Quoi faire avec l’argent ?

La République tchèque est aujourd’hui le modèle de la prospérité – l’accroissement du PIB (2% en 2014), le chômage bas (7,5% en 2014), les budgets publics stables et excédent de commerce international. L’état actuel de l’économie tchèque est dû au travail de la Banque nationale tchèque sur laquelle pèse la décision de maintenir le taux de change fixe entre la couronne tchèque et l’euro: de ce fait, l’exportation des biens et des services est favorisée et les investissements sont accrus. Dans l’optique tchèque, on n’a pas de quoi se plaindre tant qu’on achète à la maison.

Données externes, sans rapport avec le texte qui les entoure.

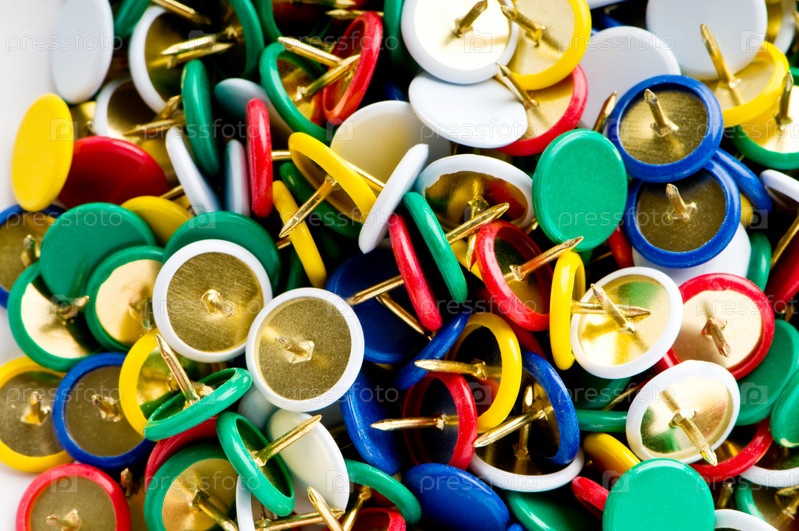Куча разноцветных канцелярских кнопок на белом фоне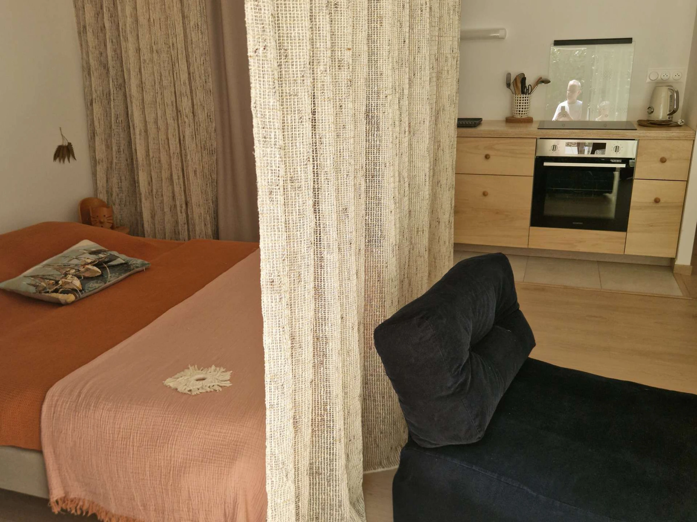 - Côté salon, un lit 160x200cm (séparable par un rideaux), un canapé, table et chaises, wifi.

Néanmoins, si une personne recevant un salaire tchèque décide de partir dans la zone euro pour dépenser, son porte- feuille perd en volume nettement plus vite. Une telle personne est donc contente de rentrer en République tchèque. En revanche, peu de Français ou d’Allemands, à l’exception des entrepreneurs, voudraient venir travailler en République tchèque sans avoir la volonté d’y rester définitivement, car le niveau de rémunération en France ou en Allemagne est incomparable avec le niveau tchèque. Hormis l’enseignement, on peut donc également à l’économie tchèque attribuer le prédicat « nationale ».

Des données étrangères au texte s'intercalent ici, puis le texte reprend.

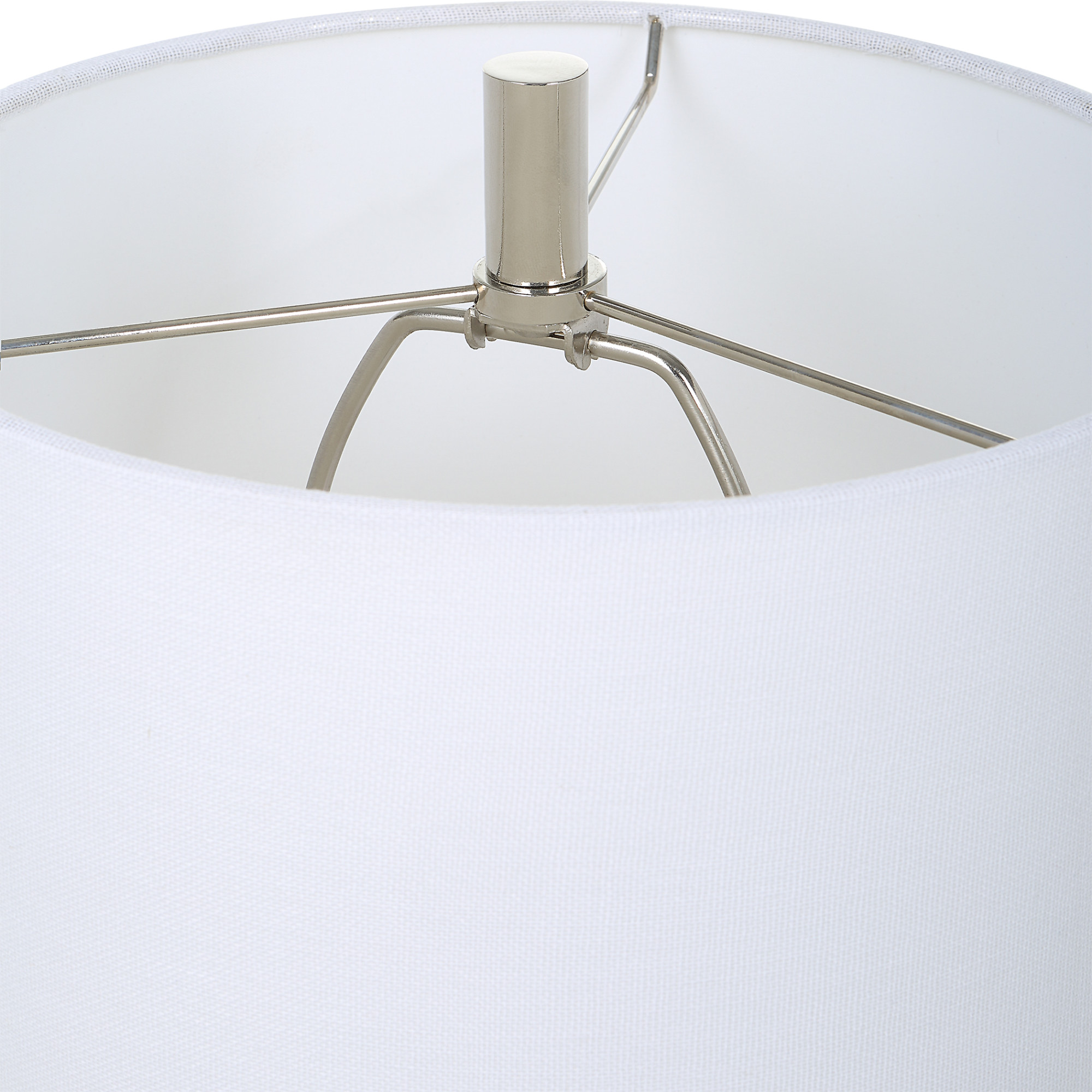 Item DescriptionSleek and refined, this contemporary buffet lamp showcases a streamlined iron base in polished nickel with natural white marble and crystal accents. Paired with a hardback white linen fabric drum shade.

L’absence d’experts étrangers dans l’enseignement supérieur, l’accroissement du protectionnisme, la prise de distance envers les cultures mal connues, le contrôle plus stricte des frontières intérieures de l’UE – justifie dans tous les sens du terme, le «renfermement». C’est pour cette raison que la libération du taux de change par la Banque nationale tchèque, prévue pour 2017, semble être un moment crucial dans le sens de l’ouverture de la République tchèque aux pays de la zone euro. Il s’agit d’un acte qui pourrait aider les Tchèques à raisonner non seulement au niveau national, mais aussi au niveau européen. Cela permettrait probablement d’éviter l’étiquette d’une nation tchèque entêtée et xénophobe, une étiquette qui commence à surgir dans la société française à tout moment quand on parle de la République tchèque.

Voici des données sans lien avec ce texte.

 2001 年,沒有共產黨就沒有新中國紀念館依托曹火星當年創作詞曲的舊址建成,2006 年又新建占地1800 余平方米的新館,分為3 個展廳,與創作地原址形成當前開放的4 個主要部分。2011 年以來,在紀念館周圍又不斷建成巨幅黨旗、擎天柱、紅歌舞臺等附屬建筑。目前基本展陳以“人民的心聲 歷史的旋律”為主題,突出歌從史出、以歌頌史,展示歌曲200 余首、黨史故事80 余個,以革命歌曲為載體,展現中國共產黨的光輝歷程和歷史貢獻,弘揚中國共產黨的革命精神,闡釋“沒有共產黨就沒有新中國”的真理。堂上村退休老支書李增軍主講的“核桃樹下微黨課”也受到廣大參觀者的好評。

La frontière entre la sécurité et la liberté est très floue. Elle dépend de l’opinion publique et de la situation politique, dans laquelle les médias jouent le rôle du garde-frontière. Le principe est simple – si nous avons peur, renfermons-nous, peu importe que nous mêmes nous mettons le collier ; autrement si nous nous sentons bien en sécurité, nous aimons nous relâcher peu à peu la laisse. La question de la censure au nom de la sécurité reste un instrument commode de manipulation des masses. « Au gouvernement, on mène un débat vif au sujet de la régulation de certains services en ligne, notamment les jeux de hasard. D’après moi, plutôt que de censurer Internet – on vit dans un Etat démocratique – il est important d’apprendre aux gens à travers le spectre des âges à réfléchir et à s’orienter sur Internet. Il faut expliquer que pas toutes les informations proposées via les réseaux sociaux ou commerciaux ne sont fiables », dit Sobotka à l’issue de la conférence. Sa conviction peut se généraliser: l’aléa ne disparaîtra pas tant qu’on interdit d’en parler – il faut le discerner et l’éviter. On parle de l’aptitude de raisonnement critique dont on a un besoin extrême de nos jours de « sur-charge en informations ».

A midi trente, tout est fini. Bohuslav Sobotka se retire pour le déjeuner avec Manuel Valls. Soudain, il se tourne et sourit: « Retournez en République tchèque, tôt ou tard ».